Small businesses and individuals income-earners beware! Now that Tax Commissioner Chris Jordan’s successful five-year multi-billion dollar campaign against tax dodging by multinationals and the big end of town has, he says, gone about as far as it can go towards helping the Turnbull government fix its deficit problems, his agenda for 2018 promises to be far more financially rewarding – but much more politically dangerous. He reckons he has reduced the gap between what big business ought to pay and the $41 billion they actually do cough-up to only $2.5 billion, which he plans to keep on attacking. But he will now redirect his main focus on a much bigger gap – between what small business and individuals really earn and what tax they should pay. If there were political as well as fiscal benefits to the government from the ATO’s big business and multinational successes, there can only be political nightmares from Jordan’s next target – small businesses and individuals, cash only businesses with undeclared income, unpaid superannuation guarantee contributions and fictitious deductions. Most in the firing line will be voters; many of the small businesses affected will be owned by traditional Coalition supporters. Jordan, appointed by Labor Treasurer Swan and reappointed by Liberal Treasurer Morrison, has political leanings that are evident from his period as an advisor in John Howard’s office in the 1980s before becoming head of KPMG in NSW. He is well aware of the sensitivity of his 2018 agenda: ‘Small business and individuals would not accept a greater focus on them unless they were confident we’d done our work on large corporates.’

But the big ticket successes have not benefitted the ATO’s image. The latest annual independent survey of attitudes to the ATO shows little improvement in community perceptions, although it does score highly on integrity but low in service and technology. Jordan is ready to concede that neither he nor the ATO is currently popular; his 2018 agenda is unlikely to improve things. It should provide plenty of ammunition to ATO critics like the Australian’s Bob Gottliebsen who followed up his recent successful campaign against the ATO’s removal of some ABNs in a dispute over contracting or employing, by enthusiastically labelling last month’s release of the widely welcomed proposed legislation to allow the ATO to provide credit agencies with details of defaulting businesses as ‘effectively handing the ATO an atom bomb to blow up small businesses; in its current state the ATO is in no position to properly handle that extreme power’. But the business community regards this greater transparency as ‘a positive measure for small businesses enabling them to evaluate their dealings with other businesses that may not be paying their tax debts on time.

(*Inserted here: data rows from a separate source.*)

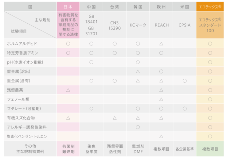 引用:スタンダード 100 - 繊維の安全証明「エコテックス®」-日本公式サイト- (oeko-tex-japan.com)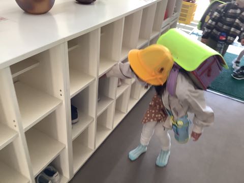 一年生が元気に登校しました。自分の靴箱の場所を覚えている子がたくさんいました。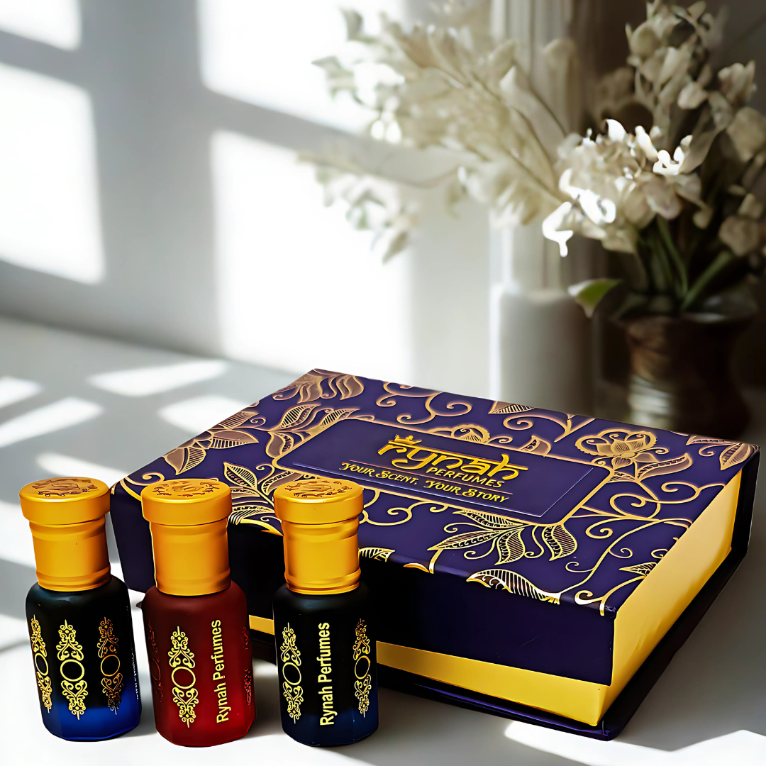 This 3-in-1 set combines luxury, elegance, and tradition, making it an ideal choice for women who appreciate premium attars with lasting beauty. Recognized among the top emerging attar brands in India, Rynah Perfumes ensures every drop reflects sophistication and modern charm.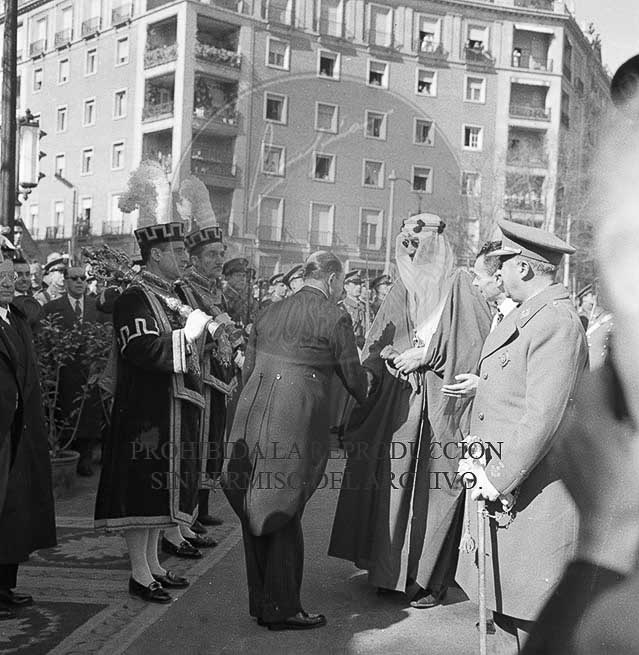 El Rey Saud recorre las calles de Madrid en coche descubierto tras su llegada a España en visita oficial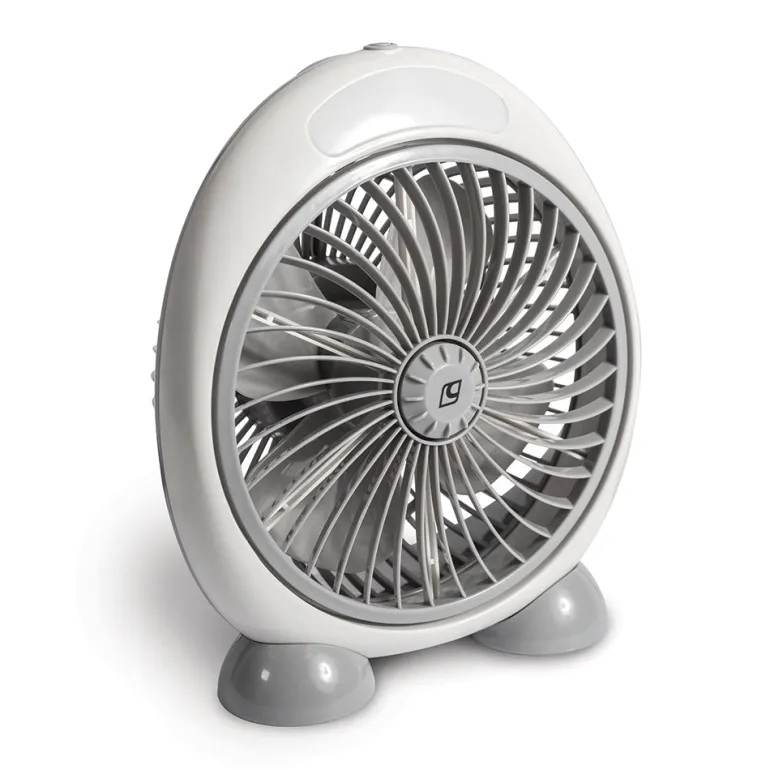 The Aerobreeze Portable Fan is a lightweight, lithium-ion rechargeable fan perfect for personal cooling. With two speed settings and an integrated LED light, it provides both airflow and illumination. Ideal for camping or on-the-go use, it includes a DC charging cable and USB output for added convenience.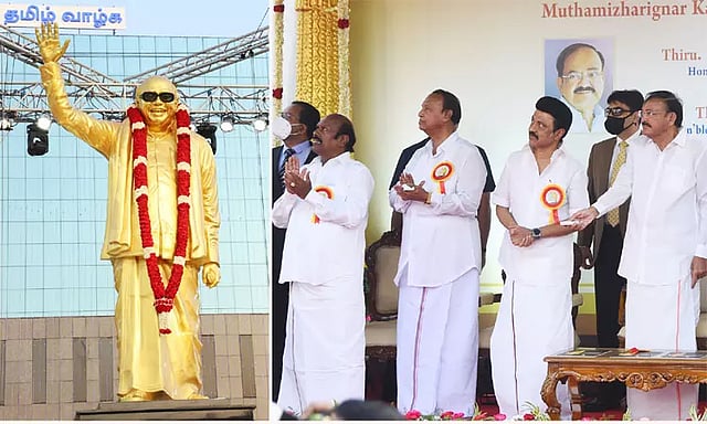 சென்னை - ஓமந்தூரார் அரசினர் தோட்ட வளாகத்தில், பல்நோக்கு உயர் சிறப்பு மருத்துவமனையின் முன்புறம் அண்ணா சாலை ஓரத்தில் 12 அடி உயர பீடத்தில், 16 அடி உயரத்தில் ரூ.1.7 கோடி மதிப்பில் நிறுவப்பட்டுள்ள மறைந்த முன்னாள் முதல்வர் கருணாநிதியின் முழு உருவ வெண்கலச் சிலையை துணை ஜனாதிபதி வெங்கய்யா நாயுடு இன்று திறந்து வைத்தார்.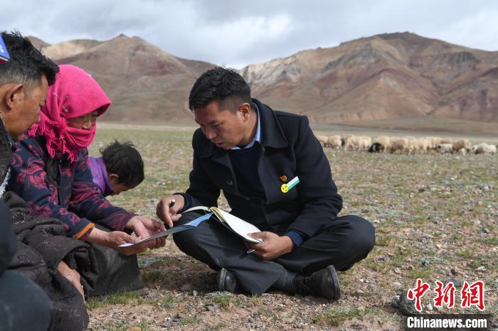 圖為農(nóng)行雙湖縣支行工作人員深入牧區(qū)開展金融流動服務(wù)。(資料圖) 貢嘎來松 攝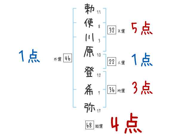天運![]() | 勅使川原登希弥さんの天運は32画の5つ星!柔軟性があり成功する。チャンスが多く金運が良い。 家系が持つ宿命的な運勢を表します。祖先から受け継いだ苗字ですので自分の力が及びません。家柄を象徴します。 |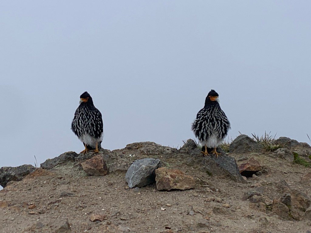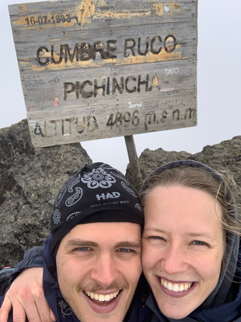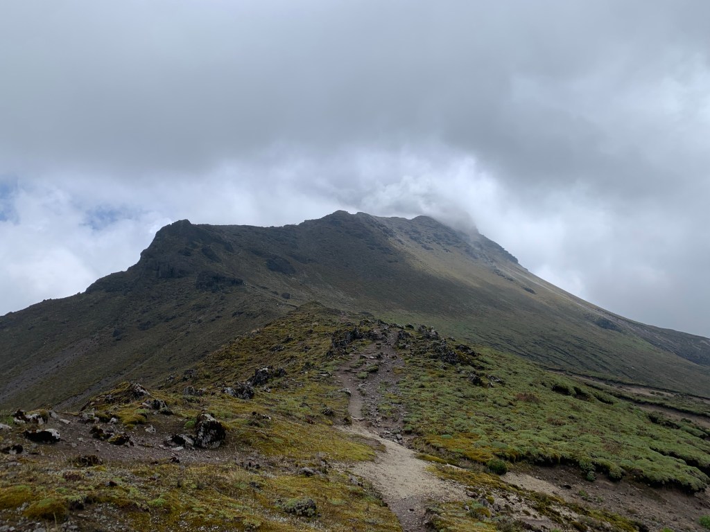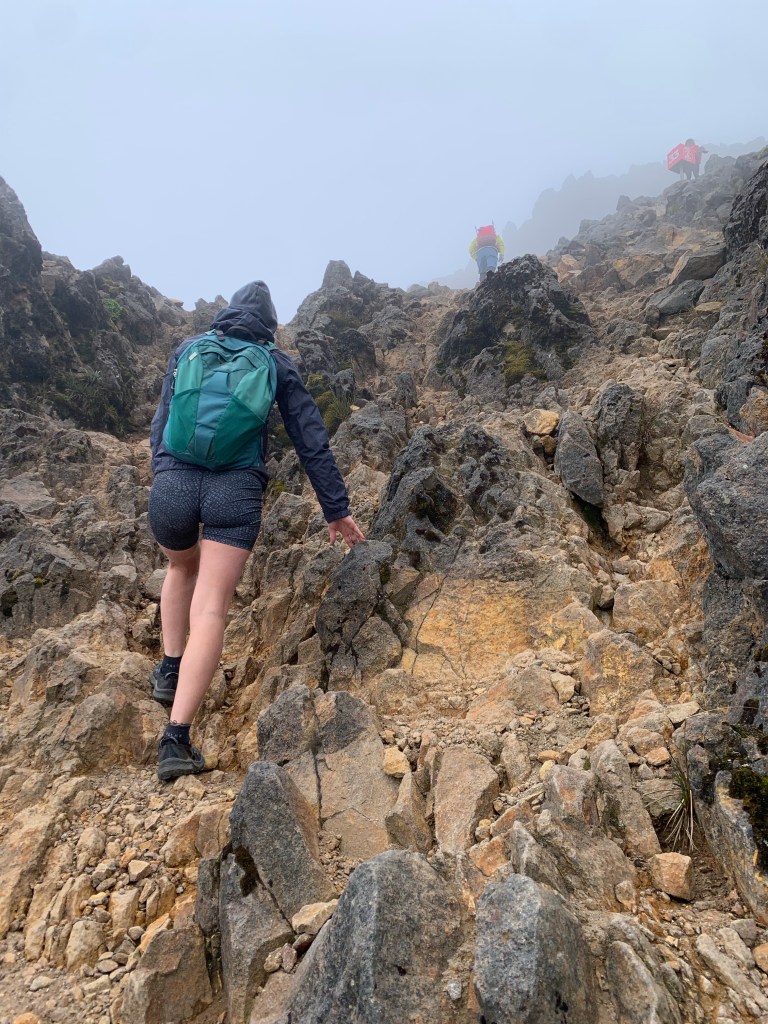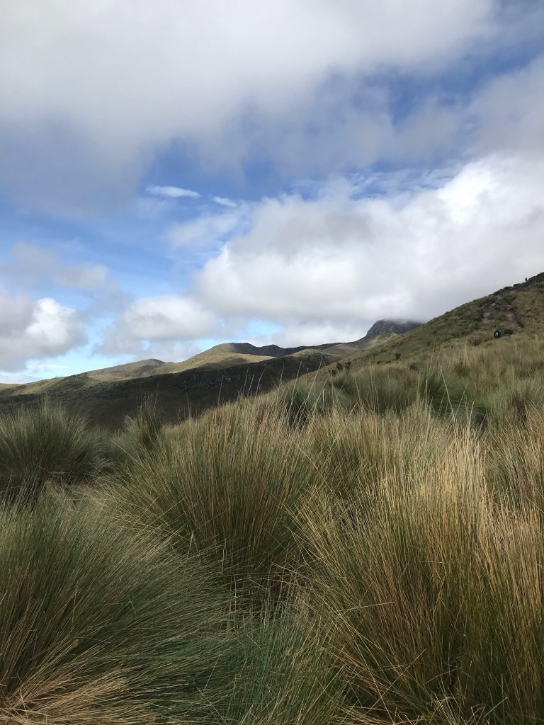 Als wir am nächsten Tag nach einem nahrhaften Frühstück bei strahlendem Sonnenschein uns auf den Weg machten, waren wir guter Dinge. Beim Eingang in das Gebiet/den Nationalpark, sagte uns der Guide nochmal ausdrücklich, dass man ohne Helm nicht auf den Gipfel soll/kann. Wir sagten “Jaja wollen wir eh nicht” und wurden hineingelassen. Beim Aufstieg durch das sanfte Paramo-Gelände wurden wir durch die gut ausgerüsteten anderen Gruppen noch ein wenig weiter verunsichert. Nachdem wir das erste steile Stück auf den Grad des Berges hinauf gut überstanden haben, dachten wir uns die sind alle extreme Hosenscheißer. Als wir dann den restlichen Grad bei geschätzter Sichtweite von 5-10 Metern bewältigten, stellte sich heraus, dass vielleicht doch etwas dran war an all den Empfehlungen. Nichts desto trotz erreichten wir den Gipfel erfolgreich (auch in einer ganz guten Zeit) und kehrten heil wieder zurück. Nach ca 1000 Höhenmeter (von 3700 auf 4790 und wieder zurück) und ungefähren 14km Distanz, waren wir froh als uns 3 Ecuadorianerinnen die 6km vom Parkplatz bis zur nächsten Bushaltestelle mitnahmen. Von dort hatten wir recht Glück mit den Verkehrsmitteln und waren dann relativ zeitig wieder in unserer Wohnung. Gekocht hatten wir schon im vorhinein, also hieß es nur mehr entspannen und Füße baumeln lassen.Doch allzu lang war die Entspannung nicht, den am Sonntag hieß es 5-6h mit dem Bus nach Shell zu fahren (zuerst durch die Avenida de los volcanos und dann durch die Ruta de las Cascadas, eigentlich eine schöne Strecke:)), damit wir dort bevor das Spital um 17:00 zusperrt unsere (getrennten) Zimmer beziehen können. Gut angekommen, waren wir erstmal ein bisschen erdrückt von der Hitze und Luftfeuchtigkeit, und suchten vergebens nach einem netten Cafe im Ort um ein wenig runter zu kommen. Wir fuhren dann Abends noch mit einem ecuadorianischen Kommilitonen nach Puyo (ca 15. min entfernt und schon eher eine Kleinstadt) um uns dort mit einer weiteren Studentin und einem Assistenzarzt zum Abendessen zu treffen. Oder so dachten wir. Die beiden waren beim Antreffen nämlich schon etwas beduselt und es ging auch gleich flüssig weiter. Geendet hat der Abend schließlich weil den anderen das Geld ausging und wir schon Sorgen hatten, ob wir in den Beifahrersitzen vom Doc noch heil in Shell ankommen. Es war ein lustiger Abend, aber die Autofahrt war schon etwas kritisch.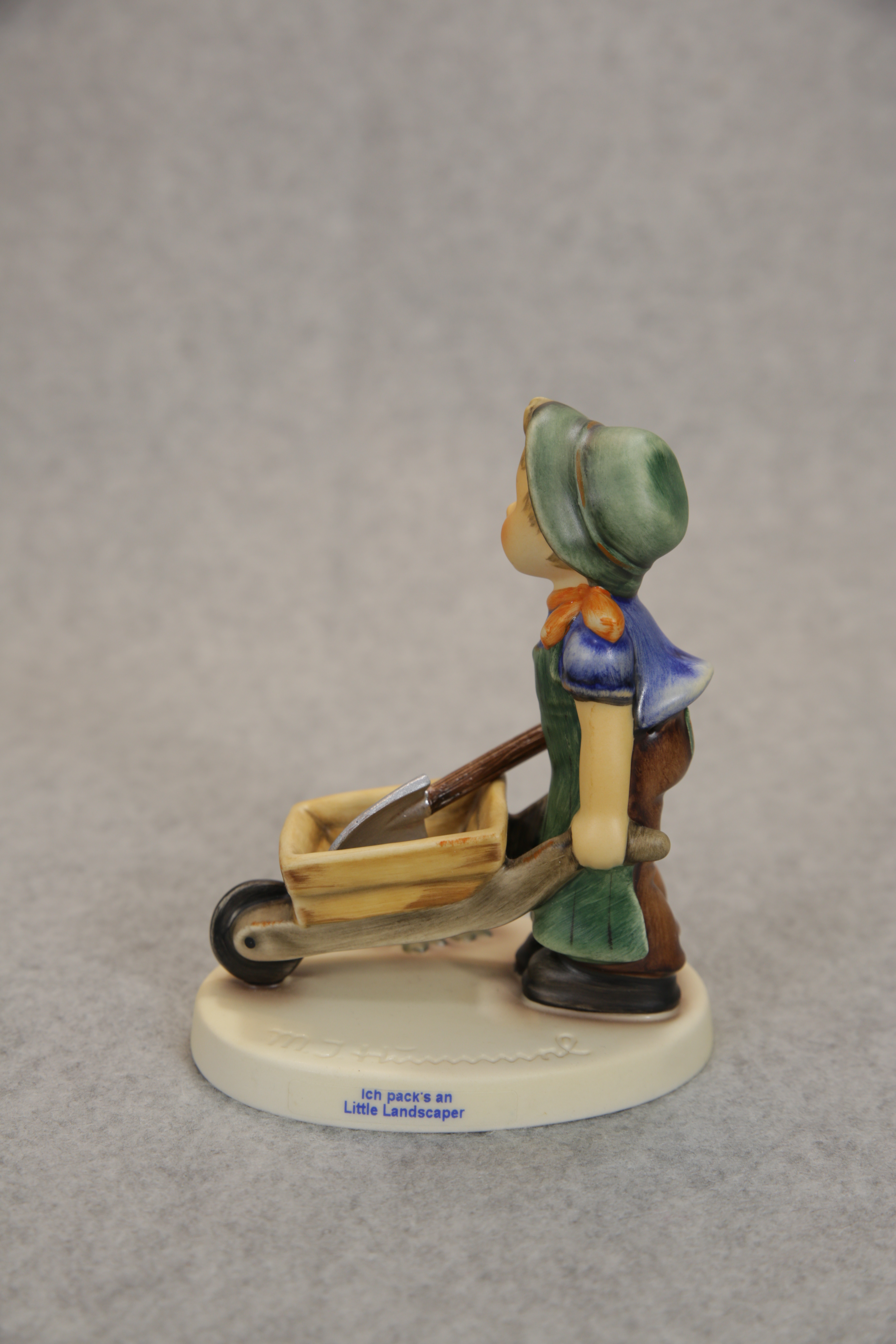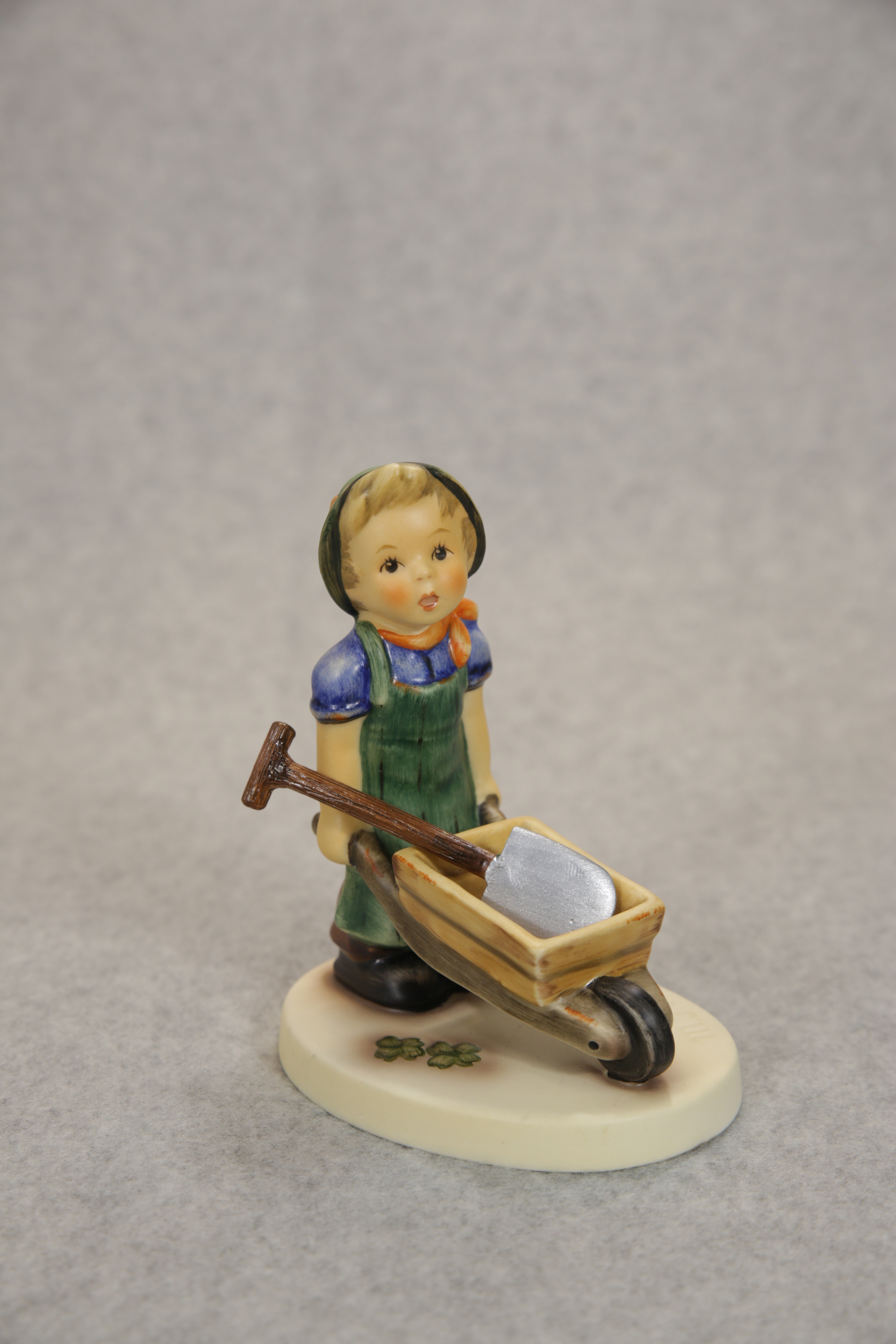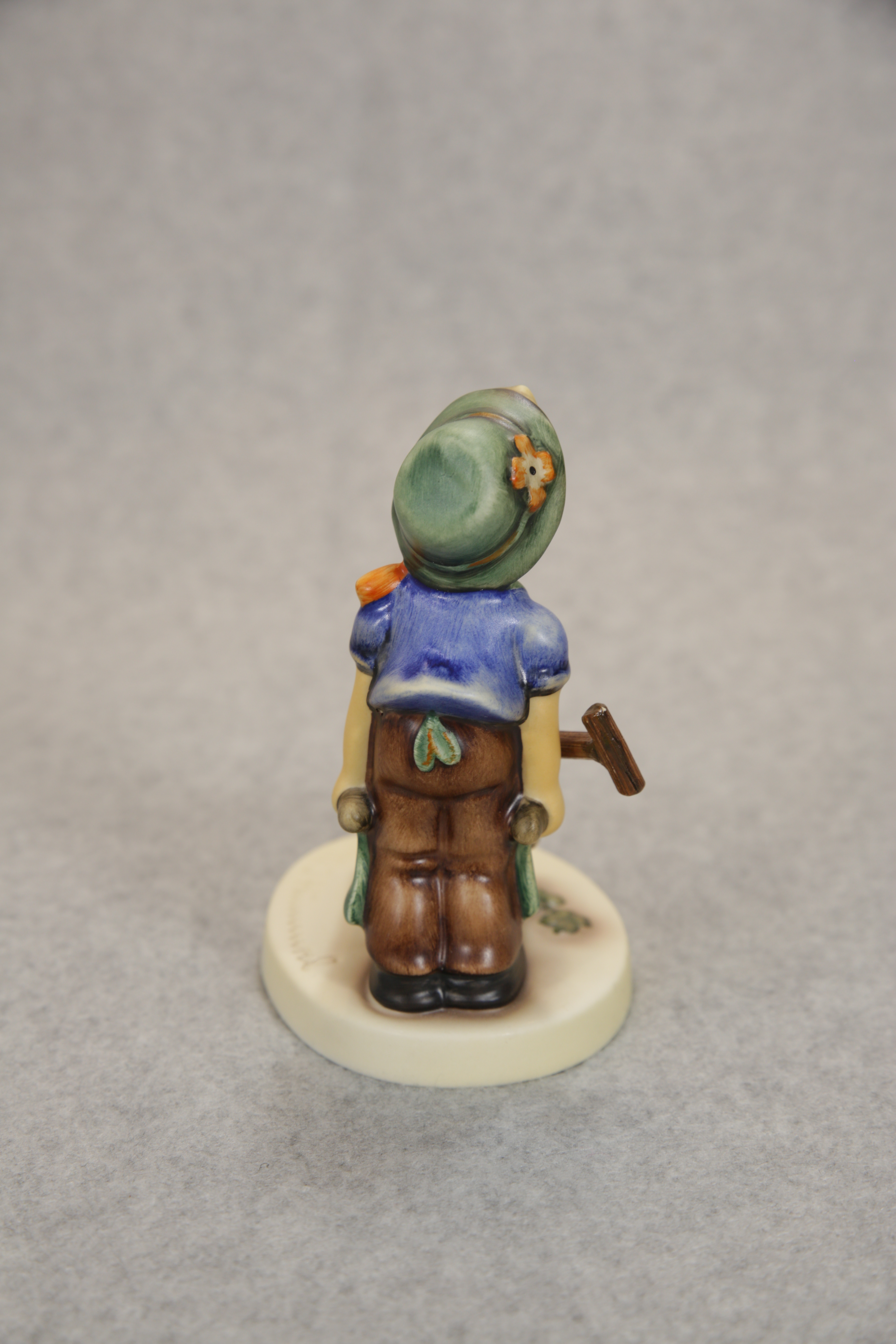 The figurine is 4 1/2 inches tall. Base is incised 2011 and 1996 . Goebel TMK 8 trademark imprinted in blue on bottom of base. Also in blue ink: First Issue, Erste Ausgabe, 2002. Artist hand initialed in black ink. Includes separate shovel.

It helps them to avoid incurring losses by assessing the other parties risk and changing their trade terms accordingly’. And as the Tax Institute pointed out, the ATO stands to benefit as the change ‘should encourage taxpayers to engage with the ATO to prevent their debts from being reported, or motivate some taxpayers to promptly resolve their tax debt and voluntarily comply with… tax obligations’.

While recent contact with the ATO makes people more likely to see the ATO positively, according to its latest survey, the overwhelmingly poor public perception of the ATO really relates to its past – and justifiably so. The ATO’s reputation for arrogance and bullying was at its height during the pre-GST bad old days of multiple rates of sales tax, where, as Parliamentary Secretary to the Treasurer, I was inundated with complaints about ATO threats to small businesses arising from false allegations of incorrect rates charged, and subsequent penalties, that could be resolved by ‘an agreed settlement’; effectively taxation by blackmail. Senate Estimates committees uncovered years of inappropriate behaviour by out-of-control tax offices, Chatswood being notorious. The current ATO is a very different beast from those days, with Jordan being described in Chartered Accountant as having ‘a better reputation than any Australian tax chief in living memory’. But he may end up with few friends – and some political enemies – after he pings small business and individual tax cheats in the run-up to next year’s election.